Detrimental supplements. “If you go back and look at Nature from the early ’70s, you could publish a paper that had one figure in it, maybe two. Now papers have four figures and 25 supplemental pieces of data. That’s because we have so many more tools in our toolbox. So reviewers can go on asking you forever to do additional experiments to show the same thing. All you’re really doing is wasting a year in a postdoc’s life and spending the public’s money, just to prove—using yet another tool—something you already knew.” Know your delta Gs. “People come into biology thinking they don’t have to know any chemistry. And that’s not true. Because we are a bunch of chemicals. Sure, it’s easier to do biology than to understand thermodynamics. But that’s how your body works. So you’d better get a feel for it.”
THE INNER MARRACK
Lab partners. “My husband and I started working together by compulsion, because there wasn’t anyplace else for me to work. And it turned out very well. In fact, the only thing about our marriage that has always worked has been the lab. Every marriage has its ups and downs, but our lab work and the science have always gone extremely well. We’ve been very lucky in that regard.”
No regrets. “Sociologists will tell you that when people make decisions, the harder the decision was, the more committed they are to it afterwards. So I don’t think at any time I’ve made a wrong decision. That sounds awfully egotistical. But there’s nothing about my life I regret. I feel guilty about some things: there are people in the lab I haven’t taken care of as well as I should have because I was too busy. So I feel a fair amount of guilt. But not regret.”
A woman’s place? “At the beginning of my career, chairpersons told me I should be behind the kitchen sink. That came up several times, actually.
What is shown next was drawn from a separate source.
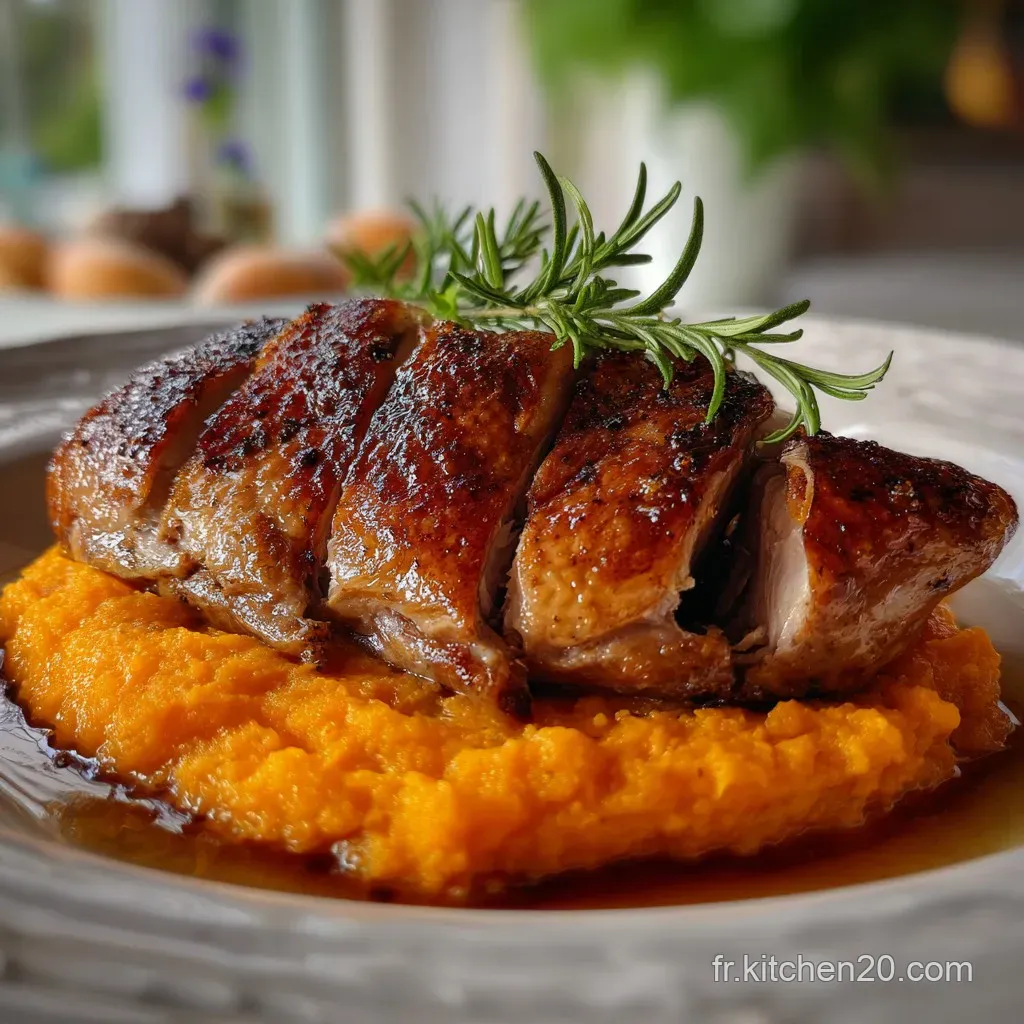 On marie la puissance du Suprême de Pintade Rôti avec la douceur réconfortante d'un écrasé patates douces/carottes. C’est chic, c’est gourmand, et ça règle tous les problèmes de cuisson de la pintade d’un coup.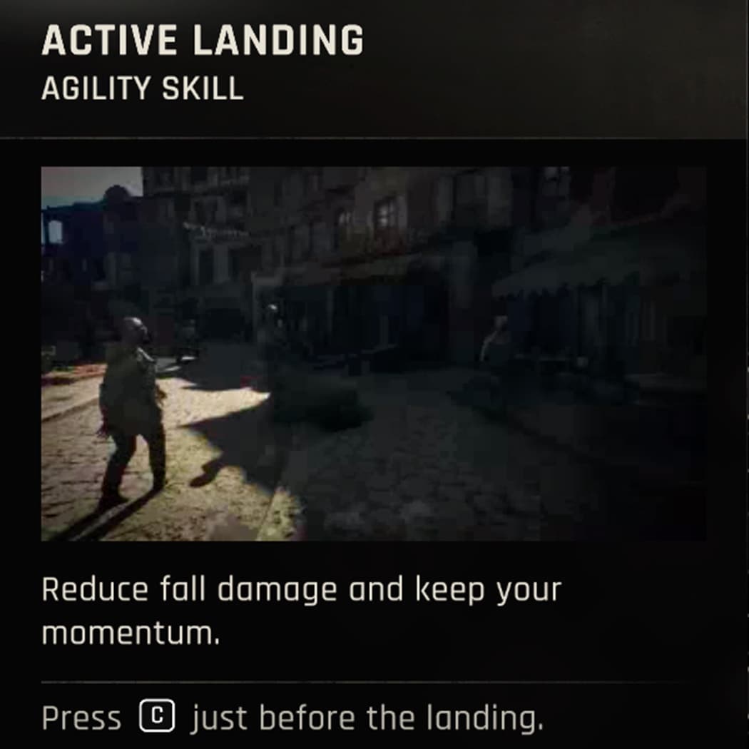 На земле тебя быстро окружат, а по крышам безопаснее и лут жирнее. Ранним приоритетом возьми навык «Активное приземление» — с идеальным таймингом он сильно режет урон от падений и даёт перекат, чтобы сохранить скорость.

When we went to Rochester, for example, I was a technician, but I was teaching this immunology course for the biology department. When I applied for a faculty position in the department, the chair at the time said exactly that. That I should be behind the kitchen sink. Of course I paid no attention.”
Tickling the ivories. “There’s something very tactile about just touching a piano key. It’s marvelous. Now I’m learning a little Scriabin and some Bach. The pieces are not that easy to listen to, but they’re tremendously satisfying to play. Scriabin is all about the chords, so there are no tunes you can go away and hum. But I love playing, even though I’m fairly hopeless at it.”
All in the family. “If you ask whether I neglected my family because I worked in lab, I did. But the kids don’t seem to resent it. My parents were a tremendous help. They believed that a family should take care of its own—and everybody else’s. All the kids in the neighborhood would show up to spend time with their ‘pseudograndparents.’ And when my parents got sick, we worked hard to look after them. After they died, my husband and I had a sense of satisfaction that we had done what we could for them. And they were satisfied, too, that they had done what they could for us, for the kids. Which is how families should operate, in my opinion.”
Graceful exits. “My husband has an excellent exit strategy. He builds and repairs guitars. So when he decides he doesn’t want to do science anymore, he can go off and do that. I have the grandchildren. That’s the classic ‘out’ for women, isn’t it? Like all grandmothers, I dote on them. But in the end I think the decision to retire might be made for us. When we don’t have any more grant money, I think we’ll have to get out. Because if we don’t get funded, presumably it will be because people don’t think we’re doing anything useful anymore. So I suppose that would be the signal.”